A group of tetrahydro steroids useful in inhibiting angiogenesis is disclosed in U.S. Pat. No. 4,975,537, Aristoff, et al. The compounds are disclosed for use in treating head trauma, spinal trauma, septic or traumatic shock, stroke, and hemorrhage shock. In addition, the patent discusses the utility of these compounds in embryo implantation and in the treatment of cancer, arthritis, and arteriosclerosis. Some of the steroids disclosed in Aristoff et al. are disclosed in U.S. Pat. No. 4,771,042 in combination with heparin or a heparin fragment for inhibiting angiogenesis in a warm blooded animal.
Compositions of hydrocortisone, “tetrahydrocortisol-S,” and U-72,745G, each in combination with a beta cyclodextrin, have been shown to inhibit corneal neovascularization: Li, et al., Angiostatic Steroids Potentiated by Sulphated Cyclodextrin Inhibit Corneal Neovascularization, Investigative Ophthalmology and Visual Science, Vol. 32(11):2898-2905, October, 1991. The steroids alone reduce neovascularization somewhat, but are not effective alone in effecting regression of neovascularization.
Tetrahydrocortisol (IF) has been disclosed as an angiostatic steroid in Folkman, et al., Angiostatic Steroids, Am. Surg., Vol. 206(3), 1987, wherein it is suggested angiostatic steroids may have potential use for diseases dominated by abnormal neovascularization, including diabetic retinopathy, neovascular glaucoma, and retrolental fibroplasia.
Exudative or wet age-related macular degeneration (AMD) and proliferative diabetic retinopathy (PDR) are characterized by pathologic ocular angiogenesis and are the most common causes of acquired blindness in developed countries. Abnormal new blood vessel growth in exudative AMD is derived from the choriocapillaris underneath the retina pigmented epithelium (RPE) and neurosensory retina. The new vessel formation is termed choroidal neovascularization or CNV. This type of angiogenesis can grow through Bruch's membrane and enter the potential space between the RPE and photoreceptors. Often the fragile CNV leaks fluid, blood components and can lead to frank hemorrhage. Thus, during CNV, fluid accumulation is termed subretinal. In contrast, abnormal new blood vessel growth in PDR emminates from the retinal capillaries and grows from the inner retina into the vitreous humor, i.e., preretinal NV. As in exudative AMD, these pathologic vessels can leak fluid and lead to intraretinal and vitreal hemorrhage.
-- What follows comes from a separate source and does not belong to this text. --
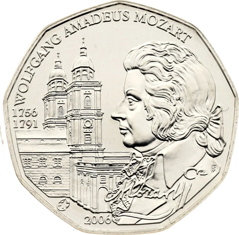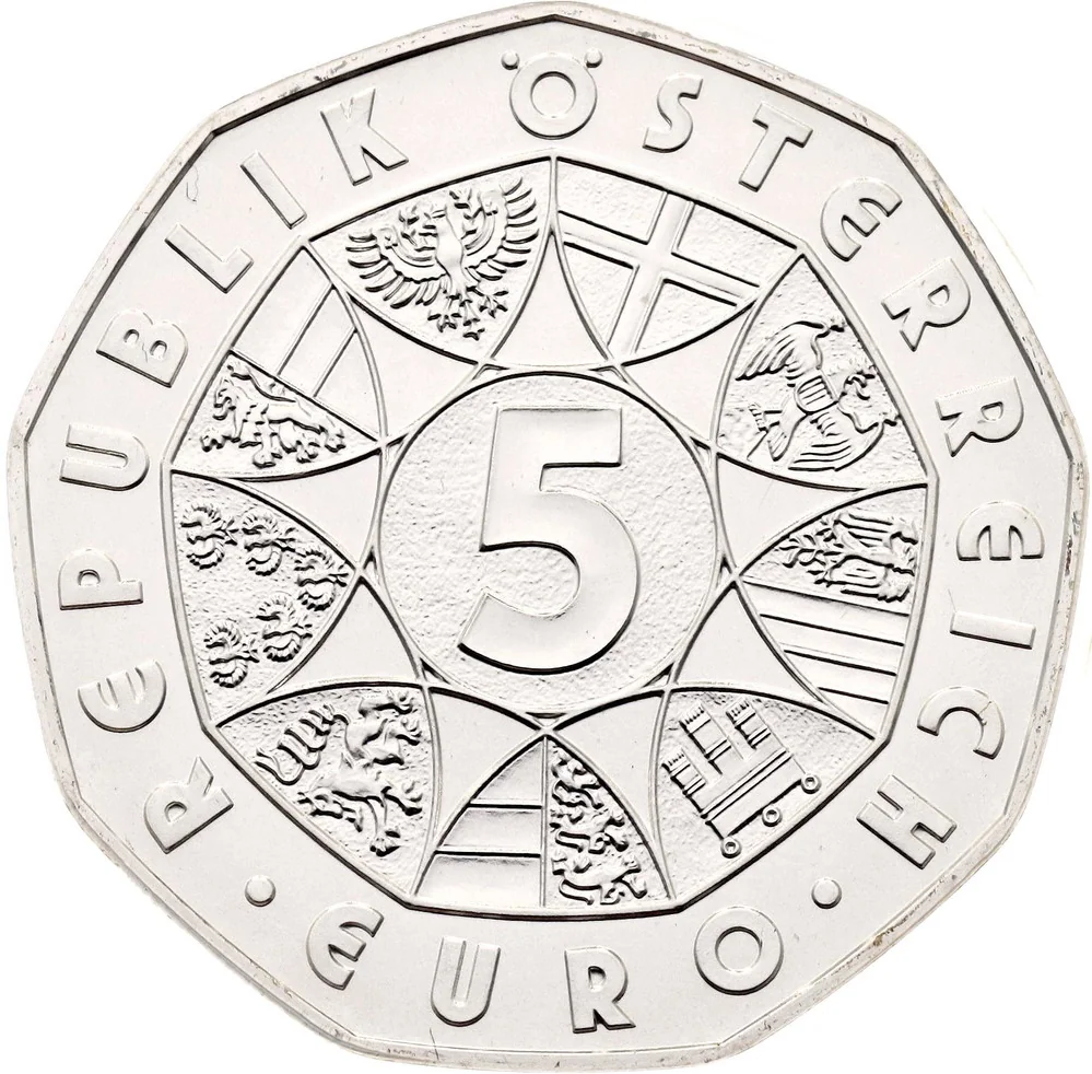 The design, inspired by Austria's old 50 schilling coins, features the "5 EURO" value encircled by the nine provincial coats of arms and the inscription "REPUBLIK ÖSTERREICH."

Moreover, diabetic patients may experience enhanced vascular permeability from the normal retinal capillaries leading a condition called macular edema
Diabetes mellitus is characterized by persistent hyperglycemia that produces reversible and irreversible pathologic changes within the microvasculature of various organs. Diabetic retinopathy (DR), therefore, is a retinal microvascular disease that is manifested as a cascade of stages with increasing levels of severity and worsening prognoses for vision. Some major risk factors reported for developing diabetic retinopathy include the duration of diabetes mellitus, quality of glycemic control, and presence of systemic hypertension. DR is broadly classified into 2 major clinical stages: nonproliferative diabetic retinopathy (NPDR) and proliferative diabetic retinopathy (PDR), where the term “proliferative” refers to the presence of preretinal neovascularization (NV). NPDR encompasses a range of clinical subcategories which include initial “background” DR, where small multifocal changes are observed within the retina (e.g., microaneurysins, “dot-blot” hemorrhages, and nerve fiber layer infarcts), through preproliferative DR, which immediately precedes the development of preretinal NV. Diabetic macular edema can be seen during either NPDR or PDR, however, it often is observed in the latter stages of NPDR and is a prognostic indicator of progression towards development of the most severe stage, PDR.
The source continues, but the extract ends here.